EXERCISE PROMPT:
Instruction for the entries that follow: retype exactly the lines from the line with "Este cartão de" to the line with "This ring has", both included, and omit all others.

DATASET EXCERPTS:

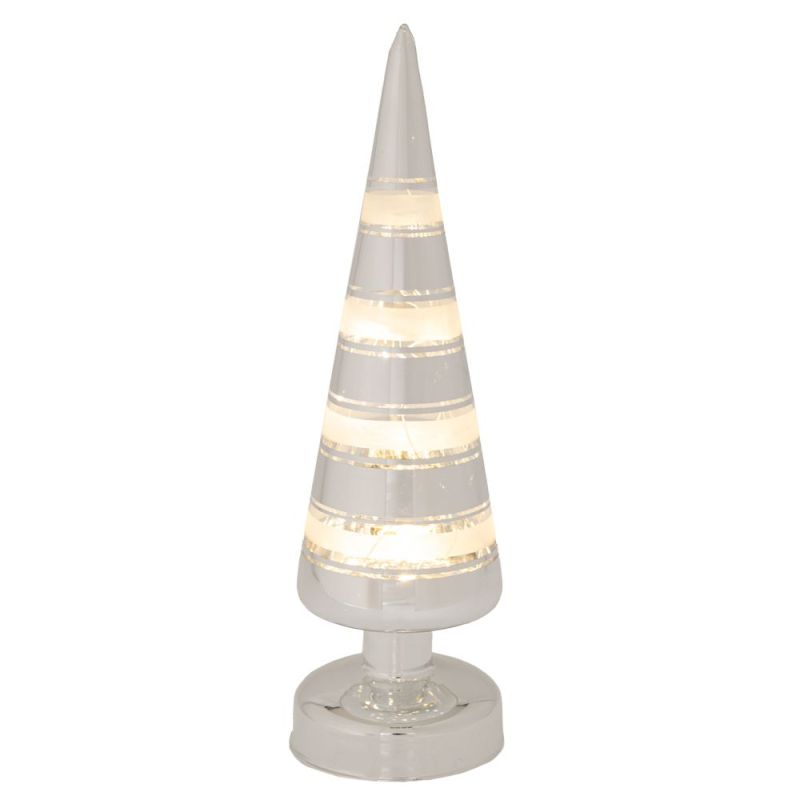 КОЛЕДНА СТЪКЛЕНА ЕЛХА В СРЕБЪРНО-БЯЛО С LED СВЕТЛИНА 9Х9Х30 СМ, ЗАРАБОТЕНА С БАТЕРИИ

* * *

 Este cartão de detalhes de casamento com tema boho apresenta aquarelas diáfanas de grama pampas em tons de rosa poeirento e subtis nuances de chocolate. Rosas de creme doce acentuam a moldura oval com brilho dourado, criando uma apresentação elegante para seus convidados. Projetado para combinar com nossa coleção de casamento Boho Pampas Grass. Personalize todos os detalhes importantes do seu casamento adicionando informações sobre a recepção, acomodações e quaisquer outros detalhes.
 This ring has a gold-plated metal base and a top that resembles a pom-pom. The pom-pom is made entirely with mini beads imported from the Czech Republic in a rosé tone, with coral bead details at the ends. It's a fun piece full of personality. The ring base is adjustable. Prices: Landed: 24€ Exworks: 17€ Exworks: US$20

EXPECTED ANSWER:
 Este cartão de detalhes de casamento com tema boho apresenta aquarelas diáfanas de grama pampas em tons de rosa poeirento e subtis nuances de chocolate. Rosas de creme doce acentuam a moldura oval com brilho dourado, criando uma apresentação elegante para seus convidados. Projetado para combinar com nossa coleção de casamento Boho Pampas Grass. Personalize todos os detalhes importantes do seu casamento adicionando informações sobre a recepção, acomodações e quaisquer outros detalhes.
 This ring has a gold-plated metal base and a top that resembles a pom-pom. The pom-pom is made entirely with mini beads imported from the Czech Republic in a rosé tone, with coral bead details at the ends. It's a fun piece full of personality. The ring base is adjustable. Prices: Landed: 24€ Exworks: 17€ Exworks: US$20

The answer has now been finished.